Food can be medicine or poison, contributing to illness or health. That’s why, when it comes to managing chronic pain, what you eat is just as important as how you move or think.

In his new book, Change Your Brain, Change Your Pain, Dr. Daniel Amen dives into the power of nutrition for managing and reducing chronic pain—whether it’s physical pain or emotional problems. You’ll learn how the foods you choose can either fuel the cycle of pain or help you break free from it.

Chronic pain is often driven by inflammation, and one of the most effective ways to combat that inflammation is through your diet.

What Is The Link Between Food And Chronic Pain?

When you’re in pain, it’s common to seek solace in food. You may think of food as a “friend” you can turn to when you need help coping with physical or emotional pain. When your back is aching or you’re feeling anxious, you may use food to cover up those uncomfortable feelings. 

But trying to soothe your mind and body often involves eating unhealthy, high-calorie foods. While these foods may make you feel better in the short term, they end up making you feel worse in the long run. They harm your brain, mind, and body.

Eating foods you love that aren’t good for you—think fries, chips, and ice cream—sets you up for greater emotional and physical pain. Learning to love healing foods that serve your brain, mind, and body will decrease your pain.

At the core of Dr. Amen’s approach is the idea that food is medicine for the brain. Chronic pain is often driven by inflammation, and one of the most effective ways to combat that inflammation is through your diet.

Related: 10 Best Brain Foods

We know that the Standard American Diet (SAD) triggers inflammation and impairs brain function. On the other hand, by choosing anti-inflammatory foods that support brain health, you’re not just nourishing your body. You’re also calming the pathways in your brain that amplify pain.

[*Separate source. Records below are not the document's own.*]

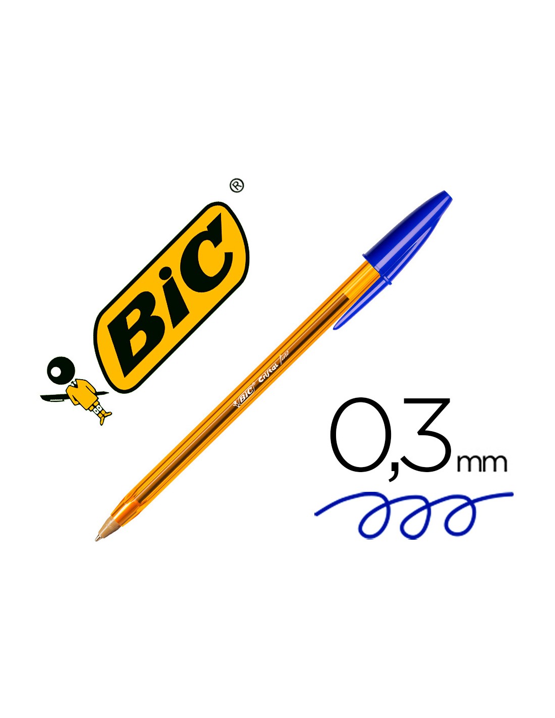 Cuerpo translúcido y capuchón ventilado y punta del color de la tinta. Escritura fina para obtener un texto más nítido. Tinta a base de aceite. Capuchón del color de la tinta. Certificado ecológico NF. Garantiza 3,5 km de escritura. Punta exclusiva Bic de 0,8 mm. Trazo de 0,3 mm.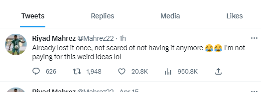 ردّ الدولي الجزائري رياض محرز على إدارة “تويتر” بطريقته الخاصة غرضها السخرية بعد حذف الشارة الزرقاء من صفحته الرسمية.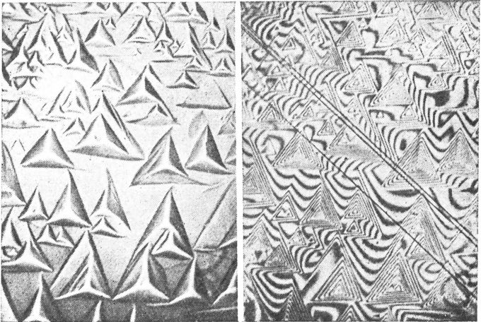 Фото 2. Блочность природного (а) и искусственного (б) кристалла флюорита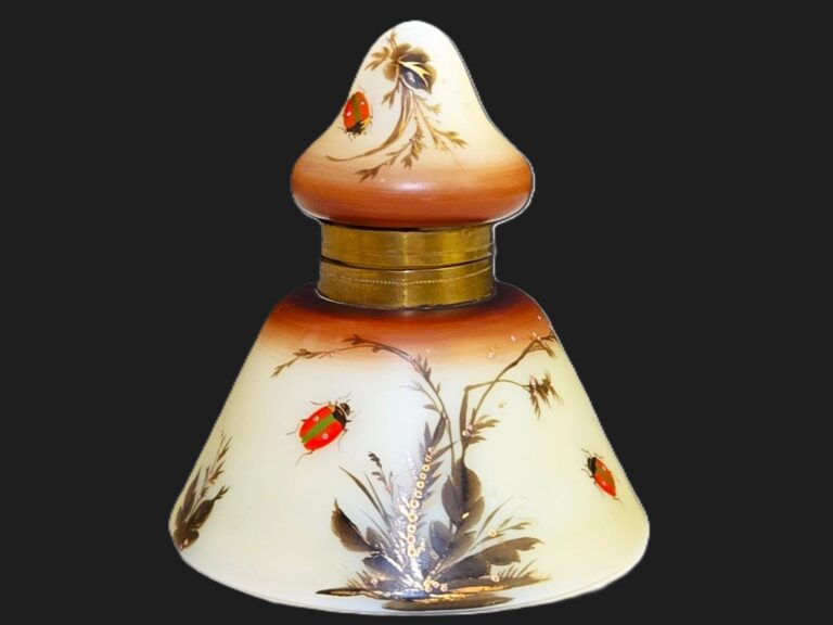 Bohemian Art Glass Inkwell with Water Lily Overlay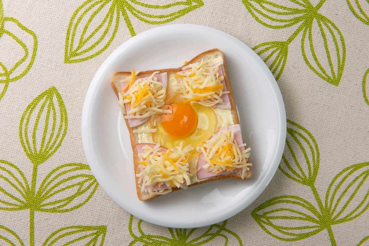 食パンの中心を凹ませ卵1個を入れる。ハム4枚重ねを十字に切り、2枚ずつを食パンの4つ角にのせる。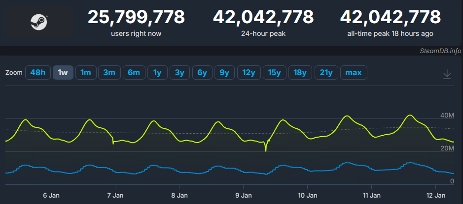 The peak online user count on Steam has surpassed 42 million.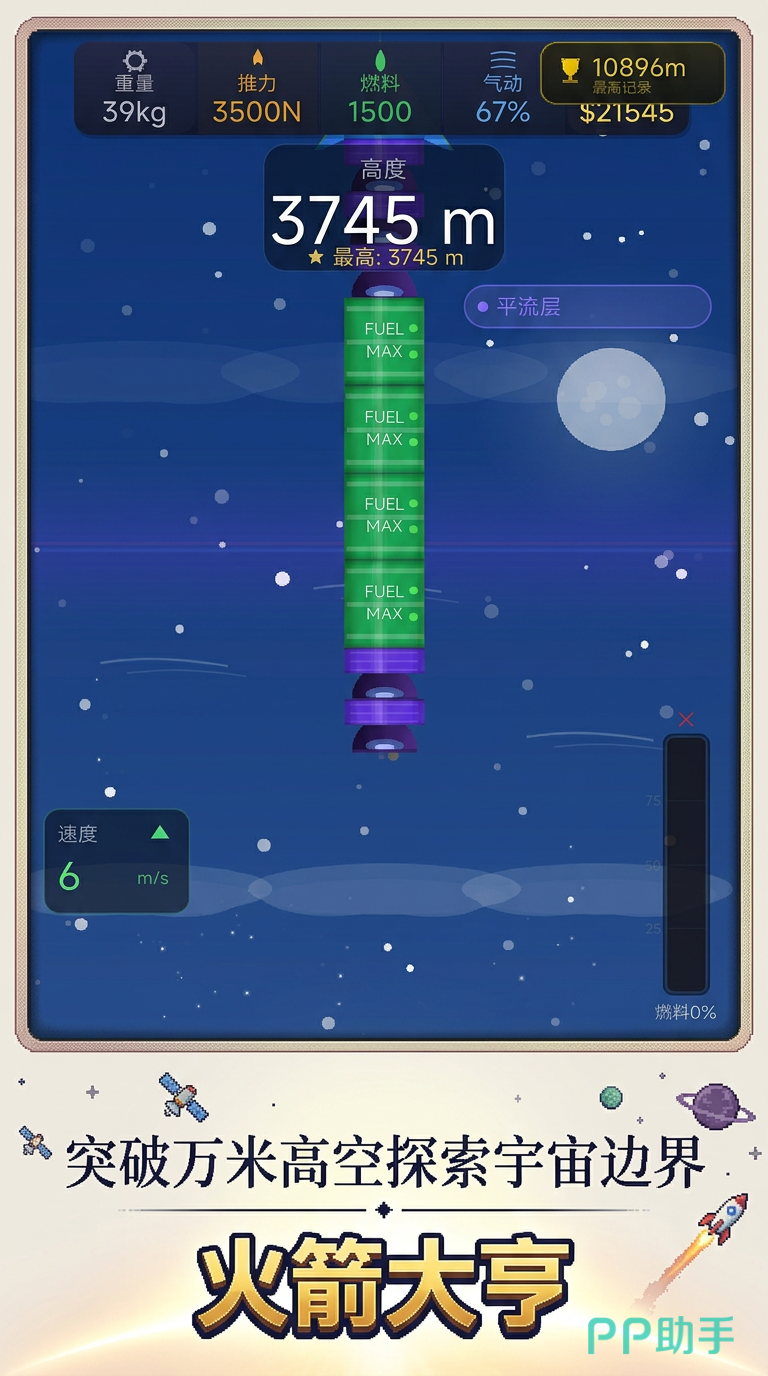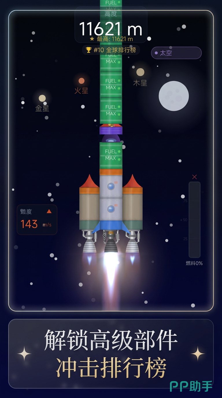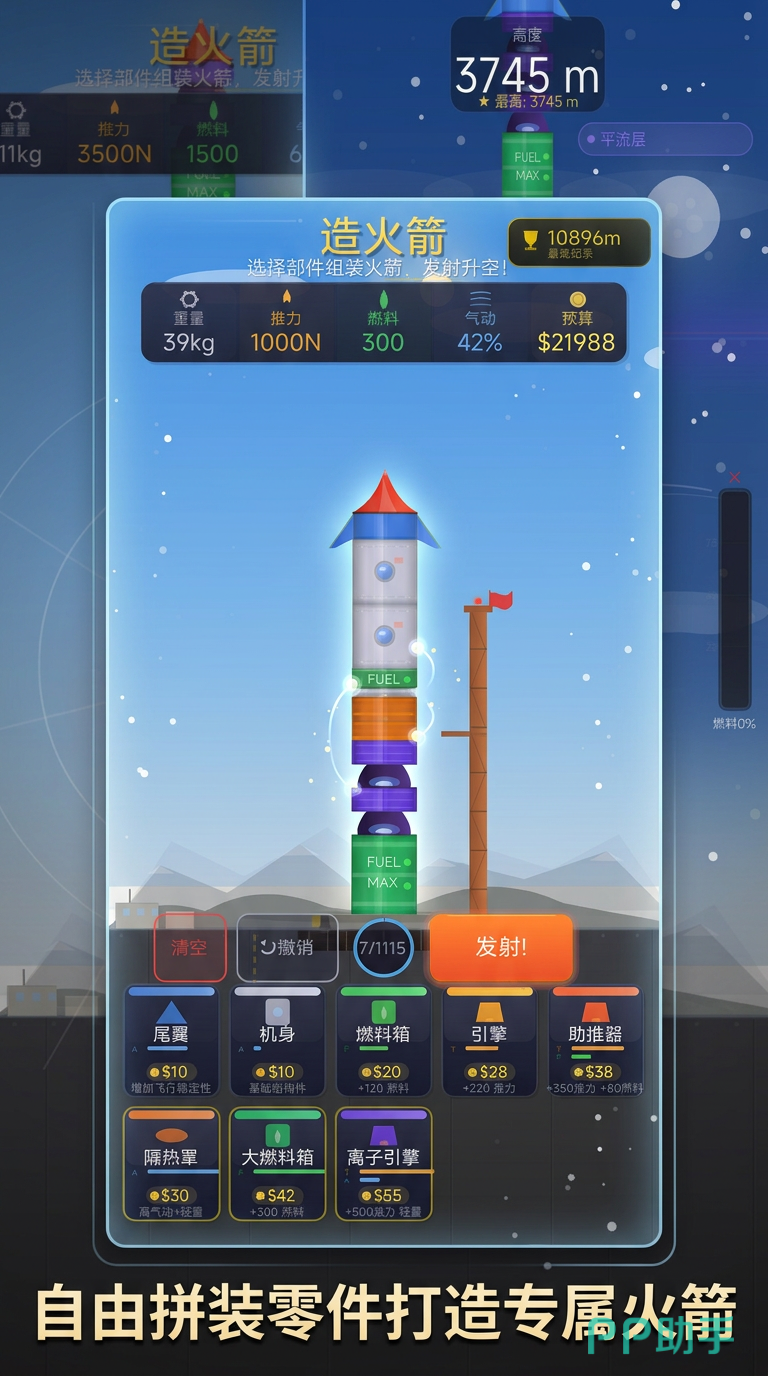 每次进入组装界面,屏幕顶部实时显示当前火箭总质量、理论最大推重比、预估升限及结构稳定性评分等关键指标。玩家可据此动态替换部件、优化配重分布或调整级间分离逻辑。确认无误后,一键触发点火程序,目送火箭穿越大气层,直冲云霄。游戏内置动态排行榜系统,自动记录并同步每位玩家单次发射所达到的最高海拔数据,支持横向对比与历史回溯,激励持续迭代优化设计方案。

Make sure to only love food that loves you back. If you follow just this one rule, it will go a long way to ending both physical and emotional pain, moving you toward the pain-free life you want.

What Foods Reduce Chronic Pain?

Here are some key dietary principles from Change Your Brain, Change Your Pain:

1. Embrace an Anti-Inflammatory Diet

Focus on whole foods that are rich in antioxidants and low in inflammation-promoting substances. Choose colorful vegetables, berries, leafy greens, nuts, seeds, and healthy fats like olive oil and avocados.

These foods help reduce inflammation throughout the body and brain, making it easier for you to manage pain.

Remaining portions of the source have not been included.